It is not known just how long mosquitoes can live, but their average life is much longer than is ordinarily supposed. Thousands of them live through winter hibernating or asleep in dark places in barns or house cellars. In sparsely settled localities, where they can not find such places for shelter, they live through the winter in hollow trees, in caves and holes under upturned trees; and, even though the temperature may fall far below freezing, they arc not winter-killed, but on the approach of warm weather become active again. mosquitos are frequently seen flying about in the woods before the snow has wholly left the ground.
Mosquitoes can not develop or come to maturity without water in which to live during the first weeks of their 'wiggler' existence.

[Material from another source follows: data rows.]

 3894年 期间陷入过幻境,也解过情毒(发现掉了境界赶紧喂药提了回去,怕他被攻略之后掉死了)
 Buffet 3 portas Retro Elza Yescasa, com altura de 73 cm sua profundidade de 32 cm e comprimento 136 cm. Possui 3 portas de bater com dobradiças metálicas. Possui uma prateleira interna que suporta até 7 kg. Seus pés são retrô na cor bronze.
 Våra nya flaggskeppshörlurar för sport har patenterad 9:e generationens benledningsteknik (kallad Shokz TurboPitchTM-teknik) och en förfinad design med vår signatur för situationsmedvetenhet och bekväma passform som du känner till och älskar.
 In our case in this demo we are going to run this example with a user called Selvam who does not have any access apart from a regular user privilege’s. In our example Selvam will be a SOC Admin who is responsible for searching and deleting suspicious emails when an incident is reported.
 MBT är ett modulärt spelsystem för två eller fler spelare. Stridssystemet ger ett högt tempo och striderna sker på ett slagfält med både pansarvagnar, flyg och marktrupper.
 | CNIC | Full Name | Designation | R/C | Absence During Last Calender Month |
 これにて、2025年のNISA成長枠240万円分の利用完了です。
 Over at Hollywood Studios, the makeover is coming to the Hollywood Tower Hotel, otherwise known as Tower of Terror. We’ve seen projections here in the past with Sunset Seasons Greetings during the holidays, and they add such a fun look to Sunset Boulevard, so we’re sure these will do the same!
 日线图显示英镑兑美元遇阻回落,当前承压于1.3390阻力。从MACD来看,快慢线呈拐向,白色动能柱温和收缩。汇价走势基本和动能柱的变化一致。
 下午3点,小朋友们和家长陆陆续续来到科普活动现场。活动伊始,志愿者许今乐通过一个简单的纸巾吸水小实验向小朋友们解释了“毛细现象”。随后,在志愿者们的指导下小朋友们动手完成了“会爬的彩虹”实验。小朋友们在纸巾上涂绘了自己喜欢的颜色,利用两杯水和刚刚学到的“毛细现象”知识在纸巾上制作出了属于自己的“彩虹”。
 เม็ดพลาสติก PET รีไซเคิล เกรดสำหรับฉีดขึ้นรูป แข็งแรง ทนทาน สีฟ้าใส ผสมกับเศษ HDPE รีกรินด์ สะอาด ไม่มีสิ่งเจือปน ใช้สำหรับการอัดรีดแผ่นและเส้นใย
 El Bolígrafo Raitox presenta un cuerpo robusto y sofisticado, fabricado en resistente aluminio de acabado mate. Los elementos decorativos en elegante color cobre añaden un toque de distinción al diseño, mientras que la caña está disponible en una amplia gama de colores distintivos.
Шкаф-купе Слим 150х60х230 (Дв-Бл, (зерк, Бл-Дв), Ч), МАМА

A mosquito's life is divided into four stages—the egg, the larva, the pupa and the adult insect. In the larval and pupal stages, mosquitoes are more commonly known as 'wigglers' (see Fig. 1). Both
Anopheles, the malarial, and Culex, the common, mosquito larvæ are present in this picture. Mosquito 'wigglers' may frequently be found in rain-water barrels in as large numbers as are seen in this photograph. The female mosquito lays from one hundred and fifty to four hundred eggs upon the surface of some quiet water, and in a day or two these eggs develop into the larval or second stage (see Fig. 2).
It will be noticed that Culex hangs with its head down, and from its tail upward to the surface of the water extends a small tube. Through this tube it breathes. Anopheles rests just beneath and parallel to the surface of the water, and its breathing tube is much shorter than that of Culex. These resting positions are quite different, Fig. 3. A Pupa, the Third Stage in a Mosquito's Life. Three times as large as life. and each is characteristic of its kind. Except when disturbed. Anopheles is generally to be found at the surface, breathing and feeding in this position. Culex, on the other hand, comes to the surface only occasionally to breathe. It stays below the water for the greater part of the time, and is often found feeding from the bottom.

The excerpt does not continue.